Here is a very simple implementation of this behavior.  It manages the reflection at the time of change.  A better (more efficient) implementation would probably map the dependencies at construction time into a private dictionary, but this is just a quick example of how you might achieve this behavior:

public abstract class ViewModelBase : INotifyPropertyChanged
{
    [AttributeUsage(AttributeTargets.Property, AllowMultiple = true)]
    protected class DependsUponAttribute : Attribute
    {
        public string DependancyName { get; private set; }
        
        public DependsUponAttribute(string propertyName)
        {
            DependancyName = propertyName;
        }
    }

    protected virtual void RaisePropertyChanged(string propertyName)
    {
        var handlers = PropertyChanged;
        if (handlers != null)
        {
            foreach(var property in AllNotifiedProperties(propertyName))
                handlers(this, new PropertyChangedEventArgs(property));
        }
    }

    private IEnumerable<string> DependantProperties(string inputName)
    {
        return from property in GetType().GetProperties()
               where property.GetCustomAttributes(typeof(DependsUponAttribute), true).Cast<DependsUponAttribute>()
                     .Any(attribute => attribute.DependancyName == inputName)
               select property.Name;
    }

    private IEnumerable<string> NotifiedProperties(IEnumerable<string> inputs)
    {
        var dependancies = from input in inputs
                           from dependancy in DependantProperties(input)
                           select dependancy;

        return inputs.Union(dependancies).Distinct();
    }

    private IEnumerable<string> AllNotifiedProperties(string inputName)
    {
        IEnumerable<string> results = new[]{inputName};

        while (NotifiedProperties(results).Count() > results.Count())
            results = NotifiedProperties(results);

        return results;
    }

    public event PropertyChangedEventHandler PropertyChanged;
}
posted on Saturday, November 14, 2009 1:55 PM

Feedback

# re: Adventures in MVVM -- Dependant Properties with INotifyPropertyChanged 11/14/2009 4:30 PM Gustavo Keener
Using of Attributes to indicate dependencies strikes me as a brilliant idea. It solves the problem without necessarily having to use the Decorator pattern (unless you want to do this kind of thing at runtime).

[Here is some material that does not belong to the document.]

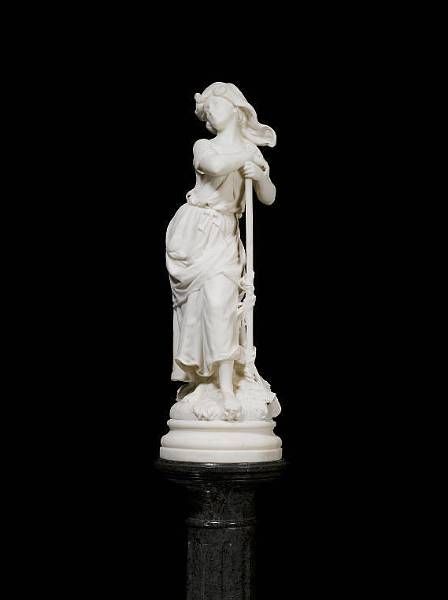 A white marble sculpture of a young peasant girl resting

# re: Adventures in MVVM -- Dependant Properties with INotifyPropertyChanged 1/10/2010 9:25 PM Rapid Share
That's something that bugs me a lot.
A very nice way to implement that is to use postsharp (postsharp.org). You just put an attribute on your entity the framework takes care of the rest.

# re: Adventures in MVVM -- Dependant Properties with INotifyPropertyChanged 1/31/2010 9:41 AM Paul Kohler
Nice idea with the View Model, I like how it walks the property tree.

We use the "DependsUponAttribute" idea in a current site with large numbers of dependencies around validation and the display of data. Being able to add or remove attributes and have the UI react is real nice!